Qwen 3.5B is so impressive, it found multiple bugs claude opus 4.7 couldnt
Posted by ArugulaAnnual1765@reddit | LocalLLaMA | View on Reddit | 17 comments

Just wanted to start off with how absolutely blown away i am by this new model. I am running the bartowski/Qwen_Qwen3.6-35B-A3B-GGUF IQ4_XS quant on my 5090 with the full 256k context.
I am damn impressed! I had asked it a very broad question, to just look for any bugs or issues.
With that huge context window, I noticed it dumping entire relevant files into its context , which it could easily handle, it filled up to 150k\~ tokens before dumping its plan, which I am seriously cool with (I like to transfer the plan to a new convo and reset that window anyway)
It was able to find multiple bugs which violated the guidelines set in rules/claude.md
Running on my 5090, it was blazing at around 180 tps - my eyes were wide as I saw the machine work in front of me, it was truly glorious
In contrast, I tasked slowpus 4.7 to the same task. After taking literally 10x longer and using my entire 5hr usage window, It didnt even find half of the legitimate bugs that my local setup found.

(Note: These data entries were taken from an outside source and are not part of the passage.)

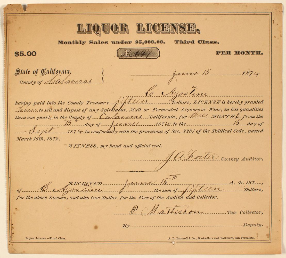 Liquor License, Third Class, No. 697. Issued June 15, 1874 to C. Agostini. $15 for three months. Soiling, foxing, a pin hole and a small tear. C(yprien Joseph) Agostini (1828-1904) was born in Corsica. According to the 1880 census, Agostini was a store-keeper in San Andreas, Calaveras County, California. Measures 7.5" x 8.5"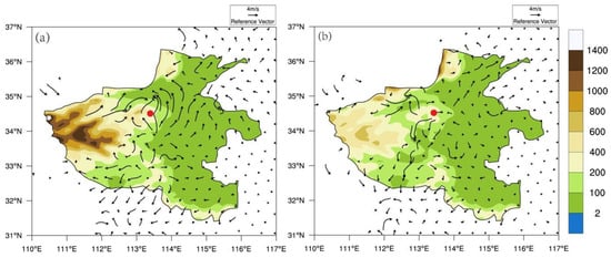 The 925 hPa wind field difference (arrow, unit: m/s) between the sensitivity test ((a) EXP1, (b) EXP2) and the control test in Henan Province on July 20, 2021, terrain height (shadow, unit: m). The red dots represent the center of Zhengzhou.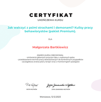 10.2022-06.2023 - kurs dyplomowy 1 rok behawiorysta zwierząt COAPE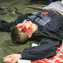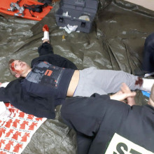 - praca w zespołach, dla których przygotowane zostały scenki z wykorzystaniem pozorantów. (Zadaniem każdego z zespołów było udzielenie pomocy poszkodowanym do czasu przyjazdu zespołu ratownictwa medycznego)

I noticed that claude was MUCH more careful about loading up the context, performing a ton of greps and text searches, sure its much more efficient for anthropics servers, but it will never beat half of the codebase being loaded straight into context lmao
Overall, the past 6 months has fealt like flying on top of a rocket - it was so useless months ago, now its super smart and insanely fast, my mind it literally blown rn
Hodler-mane@reddit
why are people even trying to compare these models. Qwen 3.5/3.6B is great at following instructions and tool calling.. but its no Opus, its no Sonnet, it probably gets beaten by Haiku.
Now go write a full stack application with Qwen 3.5B and find a million issues with it that you wouldn't have with Opus.

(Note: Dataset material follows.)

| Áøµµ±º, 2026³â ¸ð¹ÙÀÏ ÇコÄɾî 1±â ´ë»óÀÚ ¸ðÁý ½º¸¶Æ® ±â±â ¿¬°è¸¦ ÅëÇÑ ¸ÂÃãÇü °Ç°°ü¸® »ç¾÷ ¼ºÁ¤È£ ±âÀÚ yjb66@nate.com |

Simple_Library_2700@reddit
3.5 27B does without a doubt beat out haiku, so I’d imagine 3.6 does as well.
But to say it beats opus is very funny and simply untrue.

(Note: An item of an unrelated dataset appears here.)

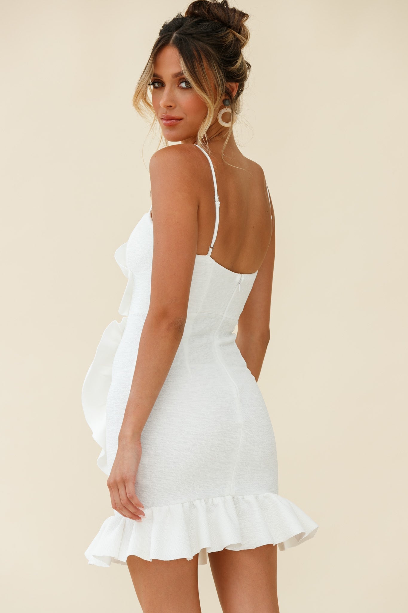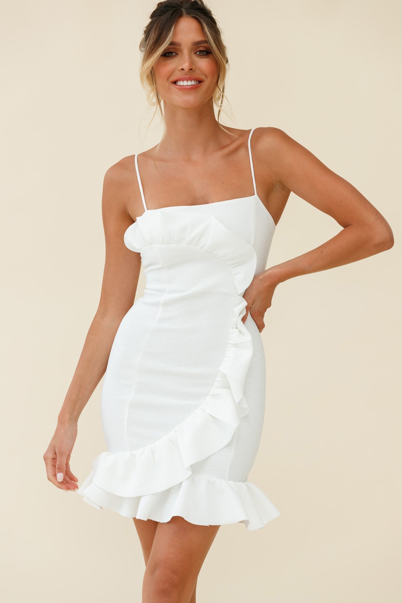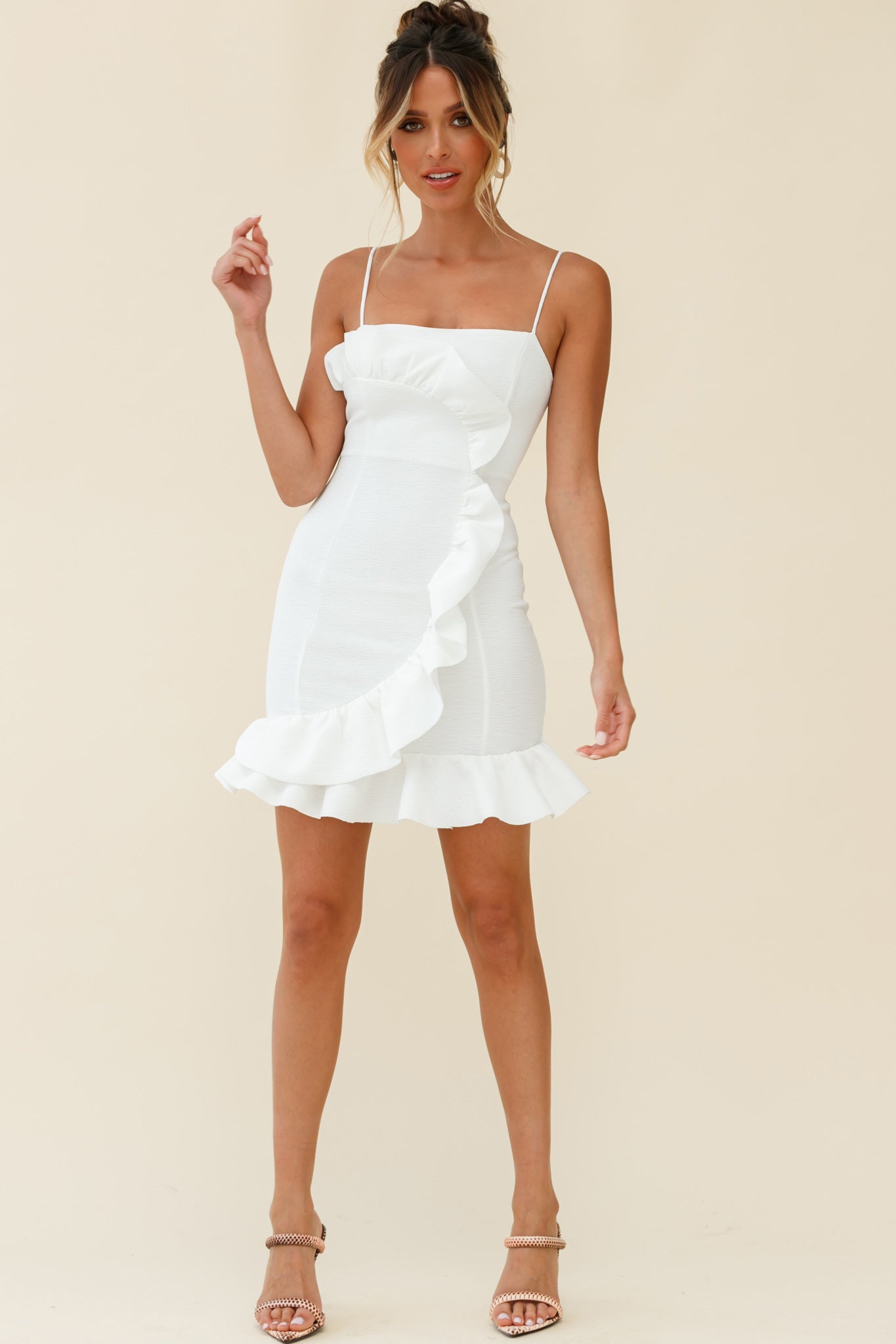 You'll be getting all the attention in our elegant Juanita dress. Perfect for a cocktail party or special birthday occasion. We are loving that half moon ruffle detail in the front and bodycon silhouette. Team it with some nude, strappy block heels and a clutch for an elegant look we are loving.

ArugulaAnnual1765@reddit (OP)
When it runs literal circles around slowpus, able to iterate through multiple prompts before slowpus even finishes reasoning for the first.
Simple_Library_2700@reddit
Yes, I also have a 5090 and love running local because it is fast. But when I need something done right I’m still turning to the cloud model every time.
Prudent-Ad4509@reddit
I'd say there are certain usages and cases where it would. But the same can be said for any highly specialized llm done right.
No-Anchovies@reddit
Because some people actually build massive full stack applications....script by script (such surprise, much wonder). Not everyone is out there vibecoding slop
ArugulaAnnual1765@reddit (OP)
lol exactly I had it work on a ticket, not the entire fucking codebase lmao
ArugulaAnnual1765@reddit (OP)
The fact that its even in the same conversation blows me away - also at 180 tps it blazes right past slowups, by the time slowpus is done reasoning and out of usage, my local set up would have already gone through multiple iterations anyway, producing a better result.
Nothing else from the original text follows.